**What this task involves:** Return exactly the span of lines in the following data that opens with the line containing "- $L$ é a aresta" and closes with the line containing "為匹配四代人不同的衛浴空間需". Include nothing else.

**Provided information:**

::::::::::

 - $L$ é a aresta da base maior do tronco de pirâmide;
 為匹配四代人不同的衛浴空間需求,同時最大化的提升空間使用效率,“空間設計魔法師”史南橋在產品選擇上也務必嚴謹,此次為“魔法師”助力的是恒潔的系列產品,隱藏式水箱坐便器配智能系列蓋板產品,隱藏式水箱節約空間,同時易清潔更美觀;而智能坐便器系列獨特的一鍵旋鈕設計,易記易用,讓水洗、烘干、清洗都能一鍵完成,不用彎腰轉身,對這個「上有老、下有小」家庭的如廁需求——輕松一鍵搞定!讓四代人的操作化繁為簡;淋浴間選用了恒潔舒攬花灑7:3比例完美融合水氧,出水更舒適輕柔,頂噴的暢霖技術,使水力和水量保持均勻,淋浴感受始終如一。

::::::::::

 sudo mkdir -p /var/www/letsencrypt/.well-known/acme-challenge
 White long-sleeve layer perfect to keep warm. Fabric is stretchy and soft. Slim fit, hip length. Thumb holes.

::::::::::

**Task result:**
 - $L$ é a aresta da base maior do tronco de pirâmide;
 為匹配四代人不同的衛浴空間需求,同時最大化的提升空間使用效率,“空間設計魔法師”史南橋在產品選擇上也務必嚴謹,此次為“魔法師”助力的是恒潔的系列產品,隱藏式水箱坐便器配智能系列蓋板產品,隱藏式水箱節約空間,同時易清潔更美觀;而智能坐便器系列獨特的一鍵旋鈕設計,易記易用,讓水洗、烘干、清洗都能一鍵完成,不用彎腰轉身,對這個「上有老、下有小」家庭的如廁需求——輕松一鍵搞定!讓四代人的操作化繁為簡;淋浴間選用了恒潔舒攬花灑7:3比例完美融合水氧,出水更舒適輕柔,頂噴的暢霖技術,使水力和水量保持均勻,淋浴感受始終如一。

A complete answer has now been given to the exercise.